Science

Study: ChatGPT shows high error rate in scientific fact-checking

A Washington State University study found ChatGPT-3.5 incorrectly evaluated scientific hypotheses over 20% of the time, raising reliability concerns.

Image from news.wsu.edu

Image: news.wsu.edu

A recent study from Washington State University has quantified significant inaccuracies in ChatGPT's ability to fact-check scientific claims. Led by Professor Mesut Cicek, researchers tested the AI model by having it evaluate whether specific hypotheses from published scientific papers were supported by subsequent research.

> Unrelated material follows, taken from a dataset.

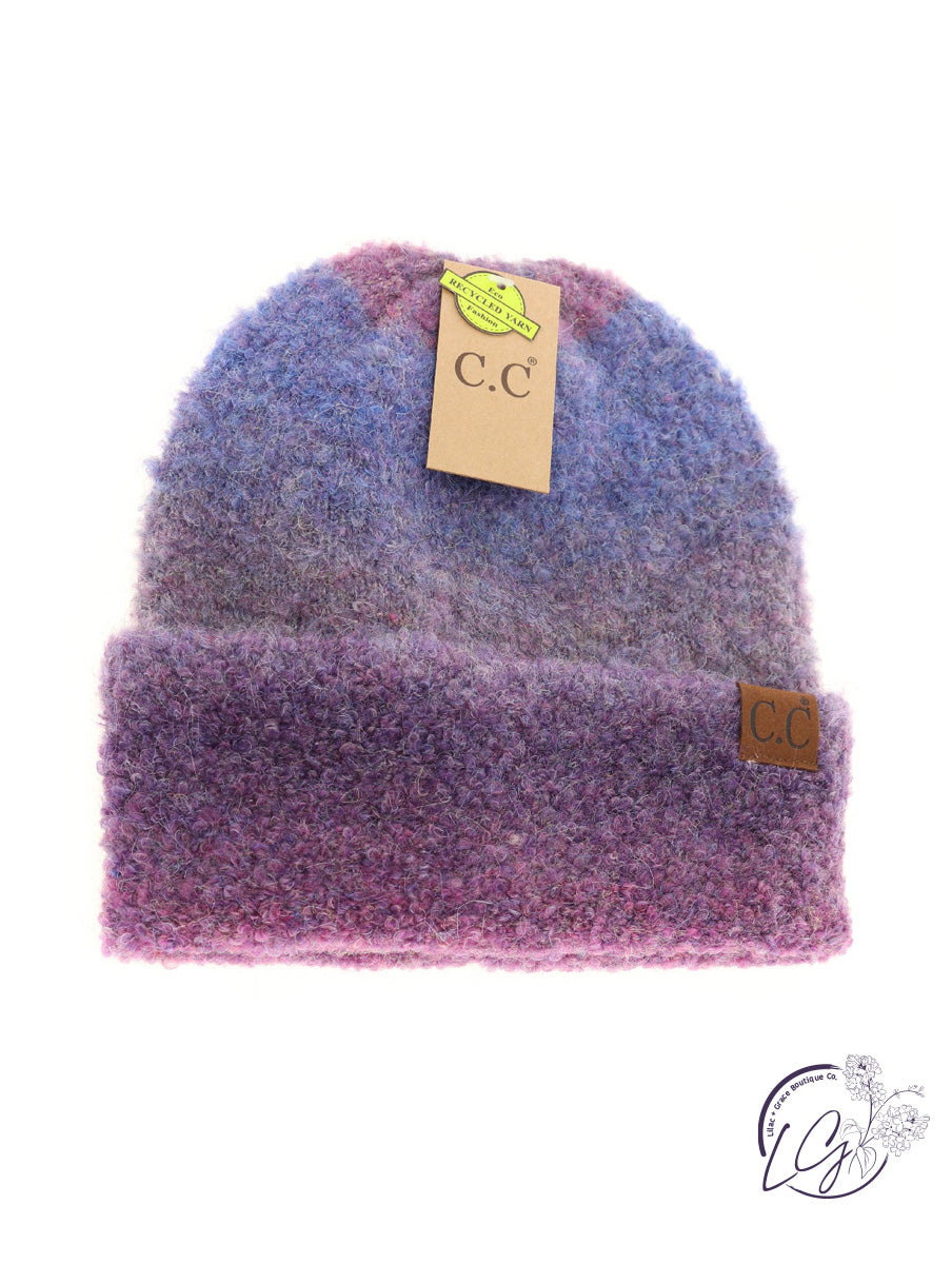 Multi-Colored Slouchy Mohair Cuffed CC Beanie

The study, published in the journal 'Information Services & Use', found that ChatGPT-3.5 provided incorrect evaluations for more than one in five (over 20%) of the scientific statements it was asked to assess. The errors included both false positives, where it incorrectly stated a hypothesis was supported, and false negatives, where it failed to recognize supported findings.

Researchers noted the AI's responses were often inconsistent, providing different answers to the same question when asked repeatedly. This inconsistency and the high error rate highlight potential risks in relying on current-generation large language models for accurate scientific verification without human oversight.

The study's authors emphasize that while AI tools like ChatGPT are powerful for generating text and ideas, their use for factual validation, especially in specialized fields like science, requires caution and critical evaluation by domain experts.